The Parameters of the Menzerath-Altmann Law in Genomes

Abstract

The relationship between the size of the whole and the size of the parts in language and music is known to follow the Menzerath-Altmann law at many levels of description (morphemes, words, sentences, …). Qualitatively, the law states that the larger the whole, the smaller its parts, e.g. the longer a word (in syllables) the shorter its syllables (in letters or phonemes).
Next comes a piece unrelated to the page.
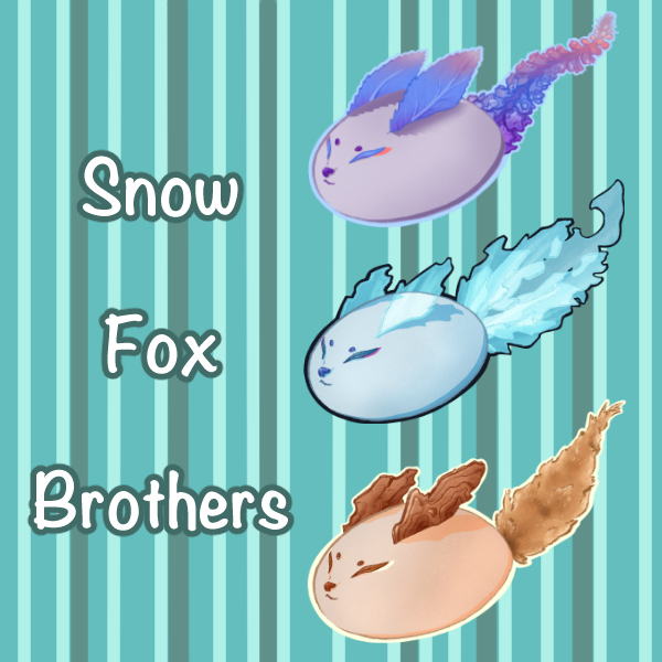 Similar to Snow bunnies in Japan, these triplets are the adorable animal counterparts to snowmen! Made from fresh powdered snow, scraps of enchanted flowers, bark, and ice, and sculpted with love. The fox brothers are here and ready to impress!
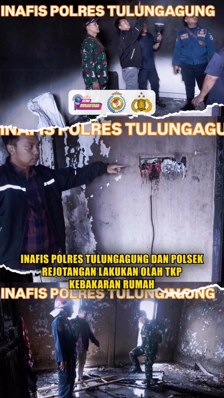 Tulungagung – Polsek Rejotangan Polres Tulungagung menerima laporan terjadinya kebakaran sebuah rumah milik Imam Kambali (55) yang beralamat di Ds. Tegalrejo, Kec. Rejotangan, Tulungagung.

This patterning has also been found in genomes: the longer a genome (in chromosomes), the shorter its chromosomes (in base pairs). However, it has been argued recently that mean chromosome length is trivially a pure power function of chromosome number with an exponent of −1. The functional dependency between mean chromosome size and chromosome number in groups of organisms from three different kingdoms is studied. The fit of a pure power function yields exponents between −1.6 and 0.1. It is shown that an exponent of −1 is unlikely for fungi, gymnosperm plants, insects, reptiles, ray-finned fishes and amphibians. Even when the exponent is very close to −1, adding an exponential component is able to yield a better fit with regard to a pure power-law in plants, mammals, ray-finned fishes and amphibians. The parameters of the Menzerath-Altmann law in genomes deviate significantly from a power law with a −1 exponent with the exception of birds and cartilaginous fishes.